[Records supplied]:
______________________________

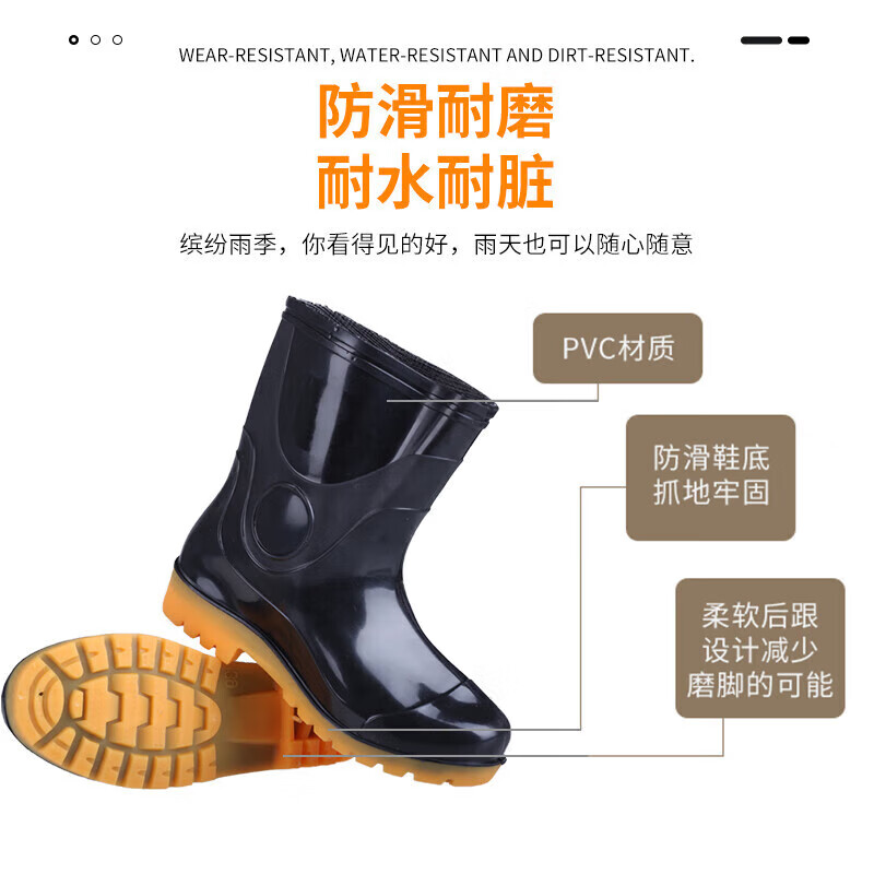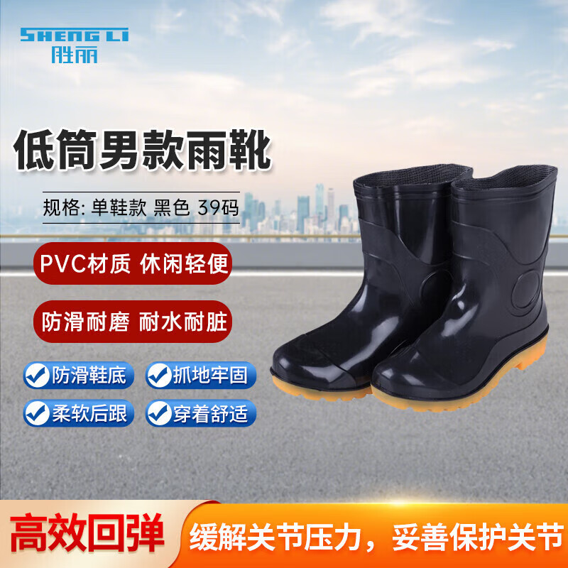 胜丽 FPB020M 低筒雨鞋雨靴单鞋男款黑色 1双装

______________________________

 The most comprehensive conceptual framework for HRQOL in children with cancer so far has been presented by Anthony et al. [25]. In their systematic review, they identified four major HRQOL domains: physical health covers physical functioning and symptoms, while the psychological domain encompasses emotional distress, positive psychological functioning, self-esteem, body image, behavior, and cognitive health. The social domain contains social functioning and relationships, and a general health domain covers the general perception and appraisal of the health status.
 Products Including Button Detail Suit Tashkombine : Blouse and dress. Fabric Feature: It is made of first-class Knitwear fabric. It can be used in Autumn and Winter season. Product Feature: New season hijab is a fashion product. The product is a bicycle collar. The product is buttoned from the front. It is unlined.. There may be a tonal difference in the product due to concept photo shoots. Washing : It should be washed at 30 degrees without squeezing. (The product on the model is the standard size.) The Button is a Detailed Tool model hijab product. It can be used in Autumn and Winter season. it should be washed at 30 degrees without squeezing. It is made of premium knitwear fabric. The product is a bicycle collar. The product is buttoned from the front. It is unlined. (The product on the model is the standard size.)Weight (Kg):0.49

______________________________

[Work order]: In the listing above, find the line with "The most comprehensive" and the line with "Products Including Button"; set down exactly those two lines and every line between them, nothing more.

[Exercise solution]:
 The most comprehensive conceptual framework for HRQOL in children with cancer so far has been presented by Anthony et al. [25]. In their systematic review, they identified four major HRQOL domains: physical health covers physical functioning and symptoms, while the psychological domain encompasses emotional distress, positive psychological functioning, self-esteem, body image, behavior, and cognitive health. The social domain contains social functioning and relationships, and a general health domain covers the general perception and appraisal of the health status.
 Products Including Button Detail Suit Tashkombine : Blouse and dress. Fabric Feature: It is made of first-class Knitwear fabric. It can be used in Autumn and Winter season. Product Feature: New season hijab is a fashion product. The product is a bicycle collar. The product is buttoned from the front. It is unlined.. There may be a tonal difference in the product due to concept photo shoots. Washing : It should be washed at 30 degrees without squeezing. (The product on the model is the standard size.) The Button is a Detailed Tool model hijab product. It can be used in Autumn and Winter season. it should be washed at 30 degrees without squeezing. It is made of premium knitwear fabric. The product is a bicycle collar. The product is buttoned from the front. It is unlined. (The product on the model is the standard size.)Weight (Kg):0.49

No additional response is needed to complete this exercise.